Photo by Chelsie Craig
The key to salmon fillets with crackly skin is to start them skin side down in a cold cast-iron pan—as the skillet heats, the skin slowly renders and crisps.
- 4 servings
- 1 (2") piece ginger, peeled, finely grated
- 2 Tbsp. white miso
- 1 Tbsp. honey
- 1 Tbsp. unseasoned rice vinegar
- 1 Tbsp. vegetable oil
- 1 Tbsp. sesame seeds
- 4 (4–6-oz.) skin-on salmon fillets
- Kosher salt
- 3 scallions, thinly sliced
- Cooked rice, for serving
- Whisk ginger, miso, honey, vinegar, oil, and 1 Tbsp. water in a small bowl to combine; set sauce aside.
- Heat a dry small skillet over medium. Toast sesame seeds, tossing, until golden and slightly fragrant, about 2 minutes. Transfer to a small bowl; let cool.

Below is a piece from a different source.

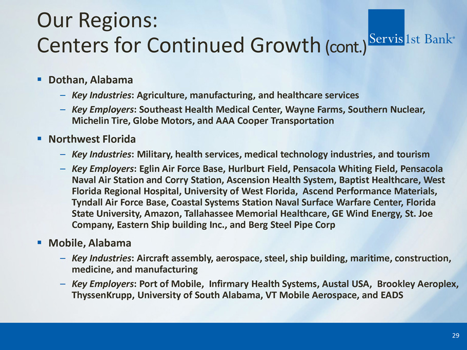 Our Regions: Centers for Continued Growth ▪ Birmingham, Alabama – Key Industries : Metals manufacturing, finance, insurance, healthcare services and distribution – Key Employers : Protective Life, Encompass Health, Vulcan Materials Company, AT&T, American Cast Iron Pipe Company, Southern Company, Shipt, and University of Alabama at Birmingham ▪ Huntsville, Alabama – Key Industries : U.S. government, aerospace/defense, commercial and university research – Key Employers : U.S. Army/Redstone Arsenal, Boeing Company, NASA/Marshall Space Flight Center, Intergraph Corporation, ADTRAN, Northrop Grumman, Technicolor, SAIC, DirecTV, Lockheed Martin, and Toyota Motor Manufacturing ▪ Montgomery, Alabama – Key Industries : U.S. and state government, U.S. Air Force , automotive manufacturing – Key Employers : Maxwell Gunter Air Force Base, State of Alabama, Baptist Health Systems, Hyundai Motor Manufacturing, and MOBIS Alabama 28

- Lightly season salmon all over with salt. Place skin side down in an unheated cast-iron skillet. Set skillet over medium heat and cook, undisturbed, 5 minutes. Press down lightly on salmon with a fish spatula to ensure all of the skin is making contact with the pan and continue to cook until flesh is opaque most of the way through (the top will still be translucent) and skin is crisp, about 5 minutes longer.

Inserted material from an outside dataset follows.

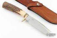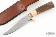 This Classic Blades Skinner from Blackjack Knives features a satin finished blade with false top edge, .214" blade stock and 1.148" blade depth, hidden tang construction. The handle has a brass guard with red, white and black spacers and a stag grip. Includes a brown leather sheath with belt loop. Has a couple light scratches, otherwise excellent condition.

- Using spatula, gently turn fillets over, then remove pan from heat. Continue to cook fish in residual heat left in pan until just barely cooked through, 1–3 minutes more, depending on thickness.
- Spoon reserved sauce onto plates. Scoop some rice on top and set fillets, skin side up, on rice. Scatter scallions over and sprinkle with toasted sesame seeds.